To test out the idea, Hickernell formed Reconstruction Pictures. When the company began looking for its first project, cellar seemed like an obvious choice, and he forged a partnership with Theater Exile to co-produce the film. It was a simple story that could be filmed with a low budget, and its early life onstage made it an especially good fit for the hybrid entity.
"The Theater Exile thing was emblematic because this film really has a theater sensibility," says Hickernell. The crew, he points out, came mainly from local theater, and the cast consists of Barrymore nominee Lenny Haas (Ned) and Barrymore winner Pete Pryor (Fenton) in the leads, and Karen Peakes and David Howey in supporting roles.
The nonprofit model allowed the company to approach funding in a novel way. Part of Reconstruction Pictures' modus operandi was to spend most of its budget on talent rather than technical equipment (the entire film, including the score, was edited on a Macintosh computer). "People have been amazed that for such a low-budget movie the acting is so good. I think it's because everybody was able to take three weeks off to make the movie," Hickernell says.

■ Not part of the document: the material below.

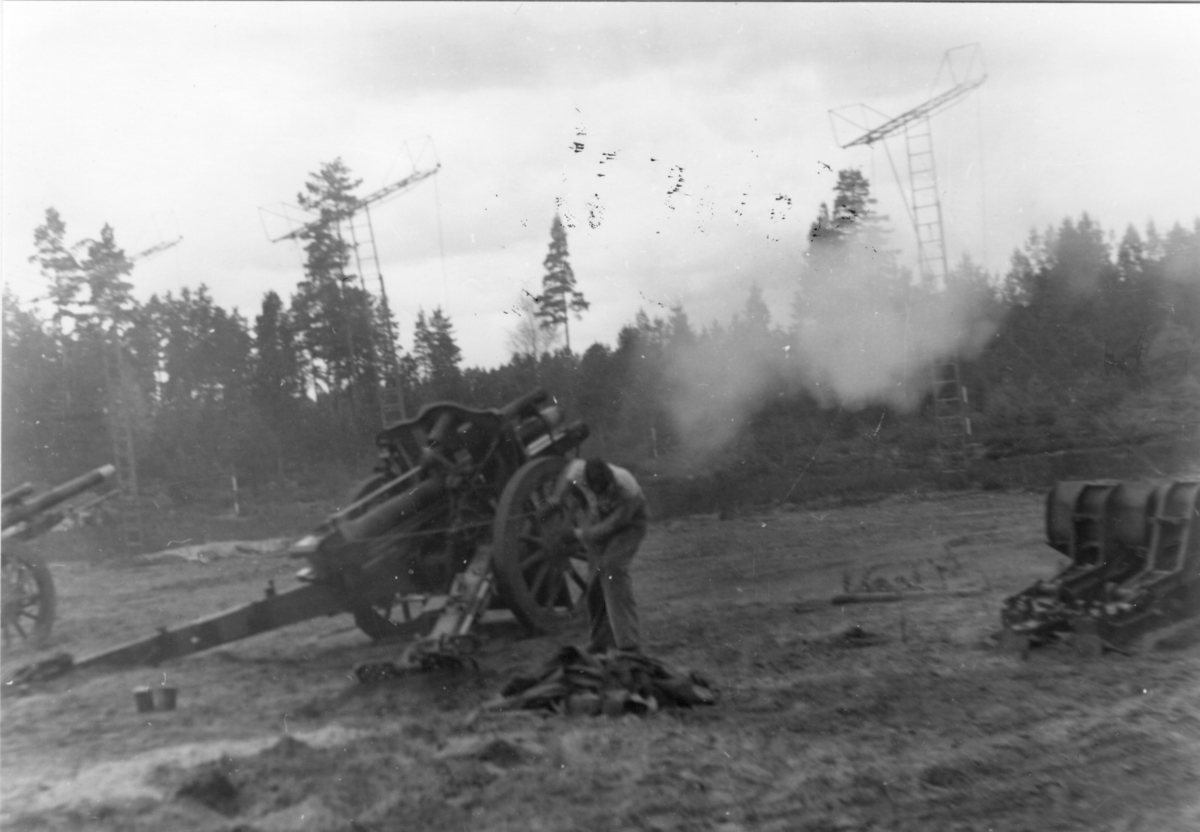 Haubits m/1939. 10,5 cm. Grundvärdesskjutningar, Skillingaryd.

Bringing the play to the screen had its challenges. Hickernell's prior experience in film production included a two-hour feature he made in high school called Tough Cookies 3 (1 and 2 were shorts) and freelance production work. The play had to be rewritten to work as a film, and Hickernell added flashbacks and gave characters Ned and Fenton a new life outside the cellar.
During the Fringe, cellar was staged underneath AKA Records in Old City, where Hickernell could essentially subject his audience to the same confinement and dusty atmosphere Fenton and Ned endure. "People would cough down there, but afterward they would say they thought it was cool that they could experience what the characters were experiencing," he says.
For the movie, realism had to be achieved through camera work. Inspired by the grainy look (and, perhaps, the lowercase title) of 28 days later, Hickernell decided to shoot on digital 24p video, which he felt would add to the aura of dark suspense while tapering production costs. Sixty percent of cinematographer Mike Vechesky's camerawork was handheld, so when Fenton first wakes up, disoriented and panicked, the camera seems to be absorbing the reality of the situation along with him. Lighting principally relied on two sources the basement's naked light bulb and a spot on the actors. Most scenes take place in the cellar, and Fenton's and Ned's flashbacks are set inside their homes so there is no visual reprieve from the story's claustrophobia.
With its static staging and ambient quiet, the film retains a theatrical feel. But for the stage-trained actors, the filming was more intimate than anything they'd done onstage. "There is something really personal and private about working on a film, because you're in this basement with no audience and you can get sucked in to this feeling that it's really happening," says Lenny Haas.
In that same spirit of verisimilitude, Haas did not wash his hair for three weeks. The two lead actors also couldn't shave or clip their fingernails during the shoot. While the dirt on their faces came courtesy of makeup artists and assistant directors Deb Seif and Whitney Estrin, the stains on their clothes are genuine basement dust. "The hardest part was actually getting there for the day and putting on the same clothes that hadn't been washed," says Haas.
If nothing else, cellar has proven that it's possible to make a smart, engaging film that doesn't exploit its cast and crew or rely on a formula of two parts explosions to one part breasts. While he's not sure the theater-film collaboration will be sustainable over the long haul, Hickernell would like to expand his nonprofit concept into an arts center that produces one feature a year while offering film education classes to the community. He already has an idea for his next low-budget film, which he plans to begin shooting in 2006. In the meantime, Hickernell hopes cellar will appear in other festivals and that he can eventually sell it to video. "It's not that my ambitions are modest. They are ambitious ambitions. But they have much less to do with dating Paris Hilton or buying an island off the coast of Mexico. Telling a good story is much more fulfilling. And fun."
cellar screens Fri., April 8, 7:15 p.m. at International House and Mon., April 18, 9:30 p.m. at the Prince Music Theater.